Si tratta del 41% delle 456 richieste inoltrate. Ma con le consulenze e le 69 persone indirizzate ad altre indennità si arriva al 56%
Poco più di 450 domande accolte. 456, per la precisione. Per la prestazione ponte Covid, pensata dal Dipartimento sanità e socialità diretto da Raffaele De Rosa soprattutto per indipendenti e salariati che non hanno potuto beneficiare di alcuna indennità in precedenza dall'inizio della pandemia, il mese di marzo è stato il primo dei quattro previsti. I dati, aggiornati all'8 aprile e che fanno capo ai 78 Comuni che finora hanno trasmesso i rispettivi numeri, li snocciola il presidente del Consiglio di Stato Norman Gobbi davanti al plenum del Gran Consiglio rispondendo a un'interpellanza del capogruppo leghista Boris Bignasca: di queste 456 domande ne sono state accolte 185, il 41%, e rifiutate 271, il 59%. Percentuali che, però, si ribaltano quando Gobbi annota come lo scopo dell'esercizio, con la collaborazione dei Comuni, era anche di fornire consulenza e dirottare magari alcuni richiedenti verso altri tipi di prestazioni e indennità. Ebbene, con le 69 persone che sono state indirizzate verso altri servizi si arriva a un 56% di richieste, 254, soddisfatte attraverso un contributo o un'altra prestazione. La somma finora erogata è di poco superiore ai 251mila franchi.

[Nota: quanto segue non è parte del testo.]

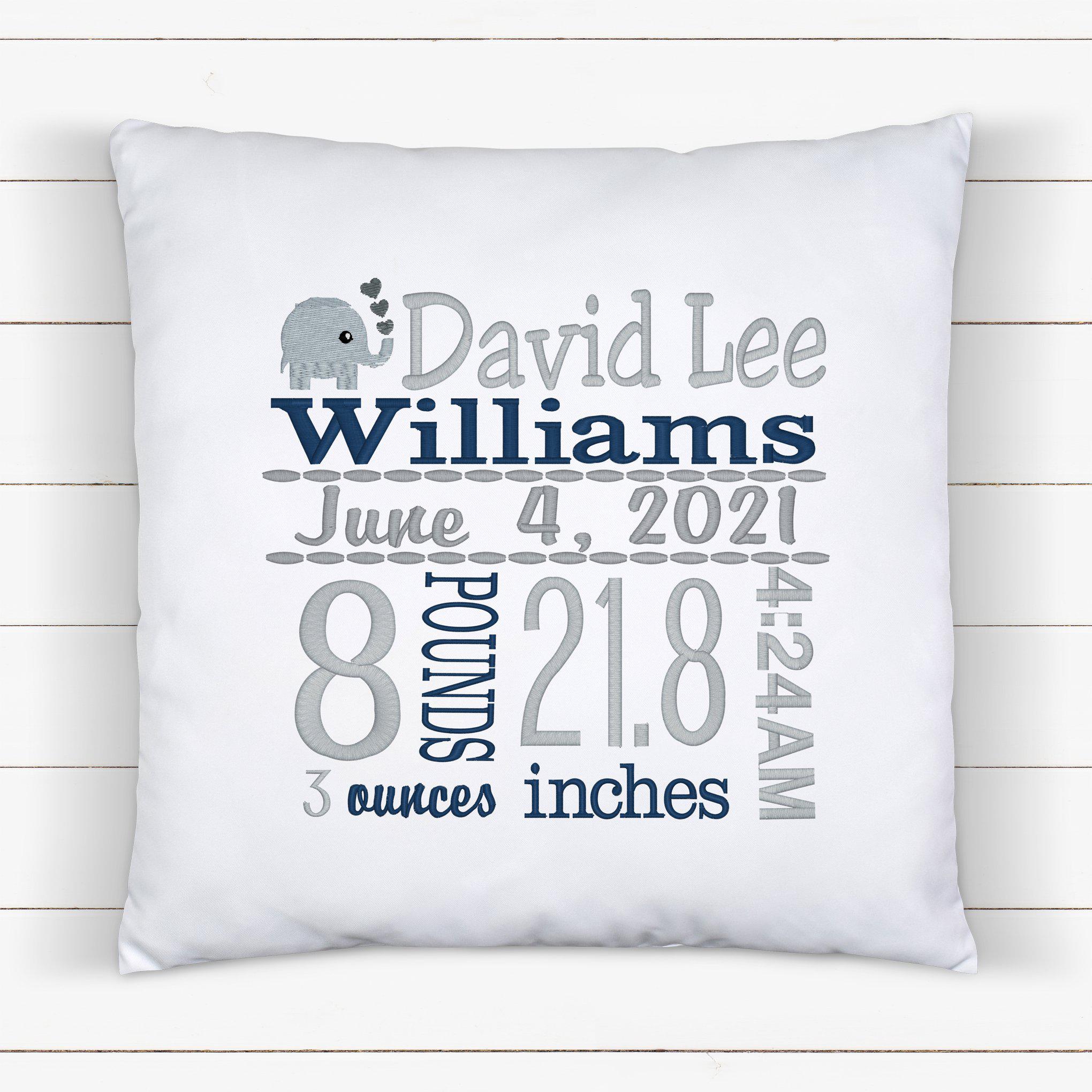 Personalized Birth Statistics Pillow - Embroidered Baby Elephant Design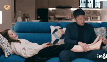 大家看看上面这个图,虽然是做节目,但黄景瑜玩弄热巴的脚趾,就像皇宫里的太监帮贵妃娘娘按摩似的,居然乐在其中。而热巴也是一副享受的样子。
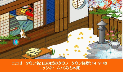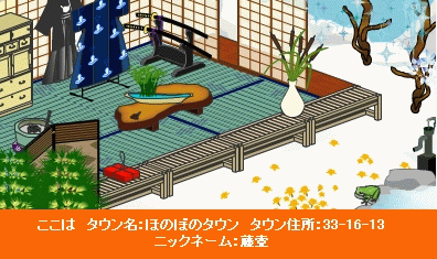 【アイテム総数】46くらい!? 【セールスポイント】 お部屋の状態はほとんど元のままなのですが、今回は「ストーリー性」を 持たせるということに重点を置きました。(ストーリーはマイプロ参照(^_^;) 「刀」をみた瞬間に「時代劇チックな部屋を作りたい」と思い作り始めました。 丁度いいタイミングで「ソニポ」と「ハリネズミ」がきたので、「山吹色の菓子の箱」と「ふろしき包み」も置いてみました。 |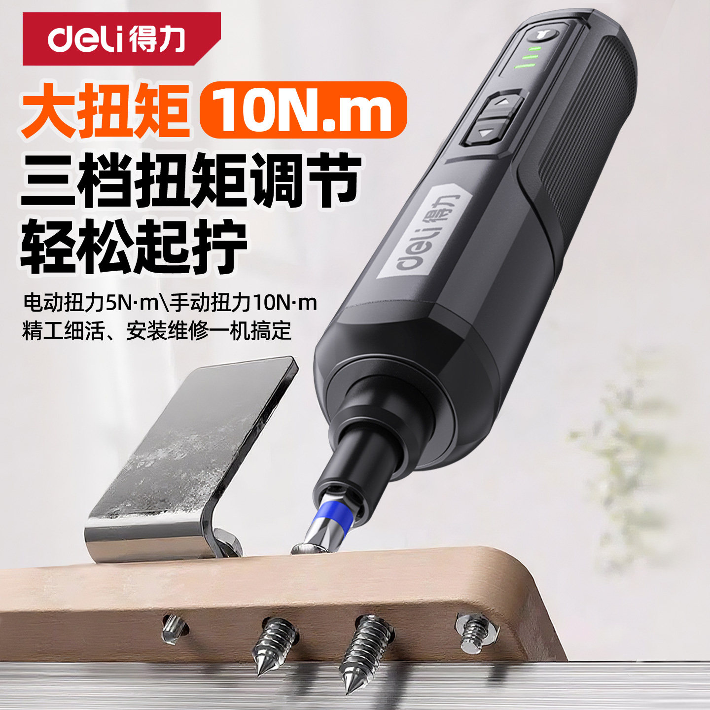 天猫得力电动螺丝刀套装充电式家用起子机锂电小型多功能电批电钻工具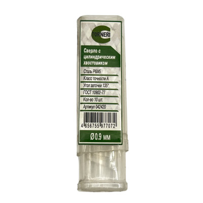 Сверло с цилиндрическим хвостовиком ø 0.9 мм Р6М5 шлифованное А1 TORNERI.
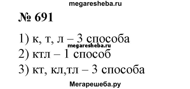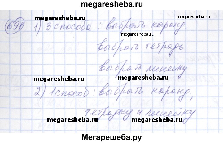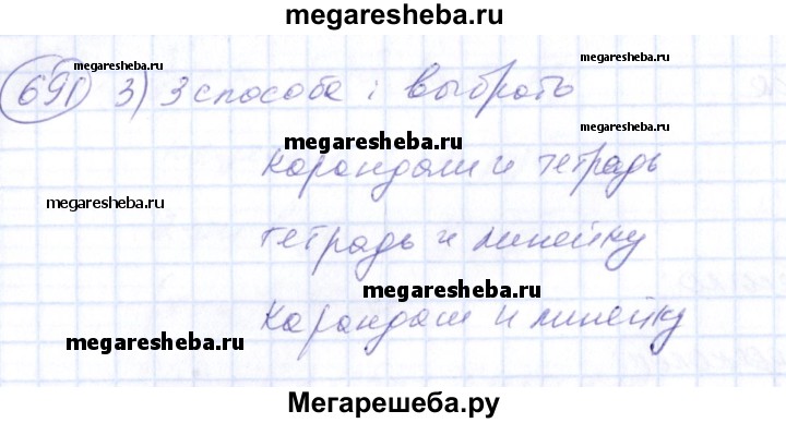 691 Имеются 3 предмета: карандаш, тетрадь и линейка. Сколькими способами из этих канцелярских принадлежностей можно выбрать: 1) один предмет; 2) 3 предмета; 3) 2 предмета?

Il Gran Consiglio ha deciso anche di fare un passo verso il riconoscimento degli Uffici virtuosi nell’Amministrazione cantonale e per ridurre l’assenteismo dal posto di lavoro. Raccogliendo e conducendo in porto una mozione con primo firmatario Boris Bignasca (Lega), il relatore del rapporto commissionale Bixio Caprara (Plr) afferma che «la questione delle assenze è importante, e l’indicatore relativo alle assenze per malattia deve essere monitorato con attenzione». Nell’Amministrazione, premette, «non c’è un problema generalizzato» ma l’auspicio è quello di «un monitoraggio grazie all’inserimento nell’allegato statistico dell’indicatore delle assenze nei diversi ambiti dello Stato, nel rispetto della privacy. La gestione delle risorse umane - prosegue Caprara - presuppone il proseguire nella formazione dei quadri». A tutto guadagno, va da sé, del clima di lavoro. La risposta del direttore del Dfe Christian Vitta arriva a stretto giro di posta: «Dal 2022 inseriremo quanto richiesto nell’allegato statistico, ed entro la metà di quest’anno svolgeremo un sondaggio presso impiegati e docenti sul clima di lavoro». Ma non basta: nella discussione su un emendamento dell’Mps che chiedeva di affidare a un istituto indipendente esterno il mandato per uno studio approfondito annuale, poi respinto, il presidente della commissione parlamentare della Gestione Matteo Quadranti (Plr), il capogruppo Ps Ivo Durisch e il presidente popolare democratico Fiorenzo Dadò ricordano con fermezza al Consiglio di Stato i due atti parlamentari, uno socialista e uno del Ppd, su molestie e clima nell’Amministrazione cantonale: la richiesta è quella di una celere risposta, la risposta di Vitta è la garanzia «dell’impegno del Consiglio di Stato a evadere le due mozioni, e rassicuro che sul tema del personale siamo attivi». Una risposta che convince fino a un certo punto Dadò: il termine per evadere la richiesta di un audit esterno su come si affrontano le molestie nell’Amministrazione cantonale, ricorda, «scadrà a fine maggio. I tempi celeri devono essere questi».
Via libera unanime, poiché ritenuta evasa, alla mozione con primo firmatario Nicola Pini (Plr) che chiedeva un sostegno fattivo ai parti naturali. «L'obiettivo era eliminare un disincentivo finanziario per chi decide di partorire in una casa nascita, scelta che anche il Consiglio di Stato e le autorità sanitarie dicono che non pone nessun tipo di problema - ricorda Pini in aula -. In più volevamo eliminare il paradosso che questa scelta costava meno al sistema ma più a chi lo sceglieva, e lo abbiamo voluto fare per tre ragioni: favorire una vera libertà di scelta per il parto, valorizzare una formazione importante come quella della levatrice, ridurre sensibilmente i costi della sanità». La mozione è ritenuta evasa, conclude Pini, «perché il disincentivo è eliminato dalla copertura delle casse malati». Infine, bocciata la richiesta dell'Mps di istituire un ente cantonale case anziani e cure a domicilio.